Date: Wed, 1 Apr 2009 14:09:11 +0300 (EEST)
From: "=?ISO-8859-1?Q?Ilpo_J=E4rvinen?=" <ilpo.jarvinen@helsinki.fi>
To: Markus Trippelsdorf <markus@trippelsdorf.de>
cc: Netdev <netdev@vger.kernel.org>, LKML <linux-kernel@vger.kernel.org>,
       David Miller <davem@davemloft.net>
Subject: Re: WARNING: at net/ipv4/tcp_input.c:2927 tcp_ack+0xd55/0x1991()
In-Reply-To: <20090331184959.GA2725@gentoox2.trippelsdorf.de>
Message-ID: <Pine.LNX.4.64.0904011352470.30150@wrl-59.cs.helsinki.fi>
References: <20090327211202.GA10014@gentoox2.trippelsdorf.de>
 <Pine.LNX.4.64.0903280031080.5904@wrl-59.cs.helsinki.fi>
 <20090328045056.GA2394@gentoox2.trippelsdorf.de>
 <Pine.LNX.4.64.0903280930440.6696@wrl-59.cs.helsinki.fi>
 <20090328095514.GA2599@gentoox2.trippelsdorf.de>
 <Pine.LNX.4.64.0903301155150.30150@wrl-59.cs.helsinki.fi>
 <20090330164035.GA2652@gentoox2.trippelsdorf.de>
 <Pine.LNX.4.64.0903302137100.29272@wrl-59.cs.helsinki.fi>
 <20090331071018.GA2641@gentoox2.trippelsdorf.de>
 <Pine.LNX.4.64.0903311205070.30150@wrl-59.cs.helsinki.fi>
 <20090331184959.GA2725@gentoox2.trippelsdorf.de>
MIME-Version: 1.0
Content-Type: MULTIPART/MIXED; BOUNDARY="-696208474-1341630150-1238584151=:30150"
Sender: linux-kernel-owner@vger.kernel.org
Content-Length: 8826
Lines: 237

  This message is in MIME format.  The first part should be readable text,
  while the remaining parts are likely unreadable without MIME-aware tools.

---696208474-1341630150-1238584151=:30150
Content-Type: TEXT/PLAIN; charset=iso-8859-1
Content-Transfer-Encoding: 8BIT

On Tue, 31 Mar 2009, Markus Trippelsdorf wrote:

> On Tue, Mar 31, 2009 at 12:16:51PM +0300, Ilpo J?rvinen wrote:
> > On Tue, 31 Mar 2009, Markus Trippelsdorf wrote:
> > 
> > > On Mon, Mar 30, 2009 at 09:52:55PM +0300, Ilpo J?rvinen wrote:
> > > > On Mon, 30 Mar 2009, Markus Trippelsdorf wrote:
> > > > 
> > > > > On Mon, Mar 30, 2009 at 07:01:22PM +0300, Ilpo J?rvinen wrote:
> > > > > > On Sat, 28 Mar 2009, Markus Trippelsdorf wrote:
> > > > > > > On Sat, Mar 28, 2009 at 10:29:58AM +0200, Ilpo J?rvinen wrote:
> > > > > > 
> > > > > > ...And, let me guess, you're in X and therefore unable to catch a final 
> > > > > > oops if any would be printed?

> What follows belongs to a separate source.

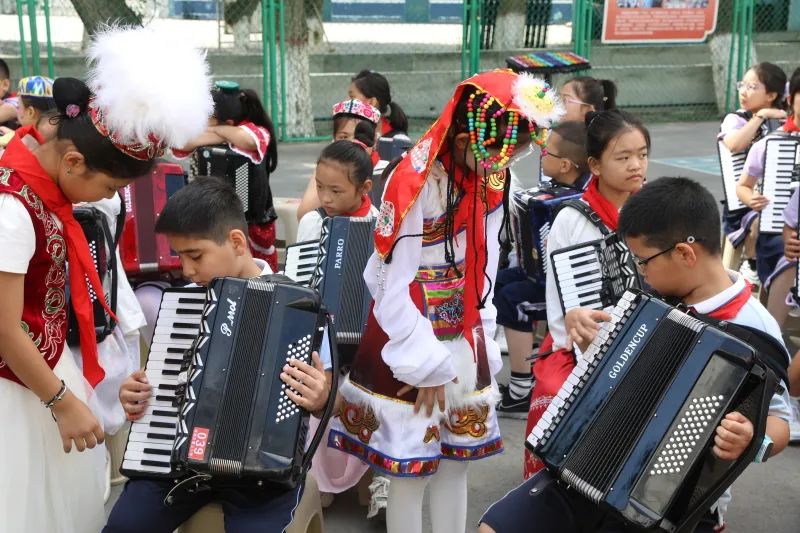 在塔城市第三小学体验手风琴弹奏。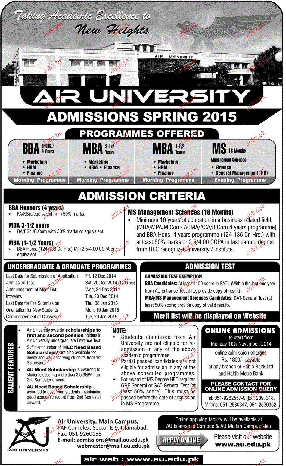 Air University Admission in BBA, MBA and MS in Islamabad. Read newspaper ad for exact details.

It would be nice to get around that as well, 
> > > > > > either use serial/netconsole or hang in text mode while waiting for the 
> > > > > > crash (should be too hard if you are able to setup the workload first 
> > > > > > and then switch away from X and if reproducing takes about an hour)...
> > > > > 
> > > > > OK, I will try this later.
> > > > 
> > > > Lets hope that gives some clue where it ends up going boom (if it is 
> > > > caused by TCP we certainly should see something more sensible in console 
> > > > than just a hang)... ...I once again read through tcp commits but just 
> > > > cannot find anything that could cause fackets_out miscount, not to speak 
> > > > of crash prone changes so we'll just have to wait and see...
> > > 
> > > The machine hanged again this night and I took two pictures:
> > > http://www.mypicx.com/uploadimg/1055813374_03302009_2.jpg
> > > http://www.mypicx.com/uploadimg/1543678904_03302009_1.jpg
> > >
> > > But this time there was no tcp related warning in the logs.
> > 
> > Right. If that oops would be hit often enough one can easily mix the 
> > warning with that hang though there is no relation (the fact that final 
> > oops always goes unnoticed in X amplifies the effect).
> > 
> > > I then pulled the lateset git changes, rebuild, rebooted and setup the
> > > workload again. The machine was still up and running in the morning 
> > > (~4 hours uptime). So it may well be that the issue was fixed with
> > > the latest changes.
> > 
> > Lets hope so, in any case if you still see hangs please get the final oops.
> > 
> > > If it ever occurs again I will notify you.
> 
> It happend again. In this case it took ~10 minutes from the warning to
> the final crash. I'm pretty sure there must be some kind of relation
> between the two. How else could one explain that the machine crashes just
> minutes after _each_ instance of that WARNING?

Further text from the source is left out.